- What is expected:
Below are the entries. Print only the lines starting at the one with "образ современного человека." and ending at the one with "The formation, reactivity", exactly, with no pictures.

- Dataset excerpts:

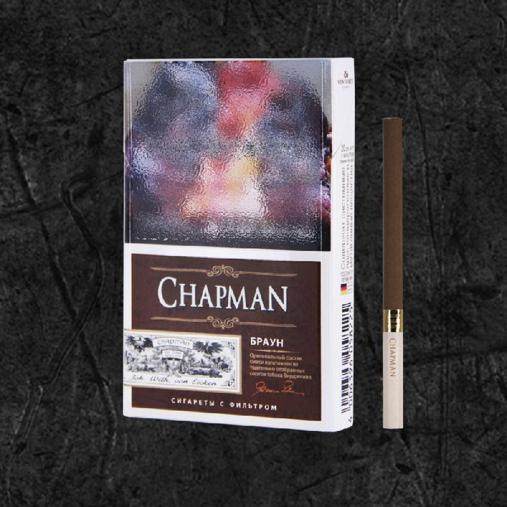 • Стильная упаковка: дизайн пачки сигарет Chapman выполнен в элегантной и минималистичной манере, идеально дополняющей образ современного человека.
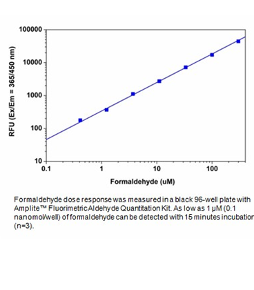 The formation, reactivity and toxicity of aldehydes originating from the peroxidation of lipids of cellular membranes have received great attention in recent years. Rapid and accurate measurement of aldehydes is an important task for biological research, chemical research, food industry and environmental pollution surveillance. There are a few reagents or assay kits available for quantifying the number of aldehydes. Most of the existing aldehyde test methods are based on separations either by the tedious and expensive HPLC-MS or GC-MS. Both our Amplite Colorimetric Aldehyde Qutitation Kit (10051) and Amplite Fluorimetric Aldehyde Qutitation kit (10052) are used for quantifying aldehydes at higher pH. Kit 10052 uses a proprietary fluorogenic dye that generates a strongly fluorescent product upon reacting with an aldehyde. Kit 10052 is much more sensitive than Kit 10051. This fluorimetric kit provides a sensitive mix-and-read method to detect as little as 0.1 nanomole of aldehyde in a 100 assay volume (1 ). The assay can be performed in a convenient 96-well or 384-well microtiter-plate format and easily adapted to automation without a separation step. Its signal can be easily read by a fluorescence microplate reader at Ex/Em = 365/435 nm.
...
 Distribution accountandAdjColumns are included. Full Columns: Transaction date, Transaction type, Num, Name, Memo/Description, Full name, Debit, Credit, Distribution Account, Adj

- Answer below:
 • Стильная упаковка: дизайн пачки сигарет Chapman выполнен в элегантной и минималистичной манере, идеально дополняющей образ современного человека.
 The formation, reactivity and toxicity of aldehydes originating from the peroxidation of lipids of cellular membranes have received great attention in recent years. Rapid and accurate measurement of aldehydes is an important task for biological research, chemical research, food industry and environmental pollution surveillance. There are a few reagents or assay kits available for quantifying the number of aldehydes. Most of the existing aldehyde test methods are based on separations either by the tedious and expensive HPLC-MS or GC-MS. Both our Amplite Colorimetric Aldehyde Qutitation Kit (10051) and Amplite Fluorimetric Aldehyde Qutitation kit (10052) are used for quantifying aldehydes at higher pH. Kit 10052 uses a proprietary fluorogenic dye that generates a strongly fluorescent product upon reacting with an aldehyde. Kit 10052 is much more sensitive than Kit 10051. This fluorimetric kit provides a sensitive mix-and-read method to detect as little as 0.1 nanomole of aldehyde in a 100 assay volume (1 ). The assay can be performed in a convenient 96-well or 384-well microtiter-plate format and easily adapted to automation without a separation step. Its signal can be easily read by a fluorescence microplate reader at Ex/Em = 365/435 nm.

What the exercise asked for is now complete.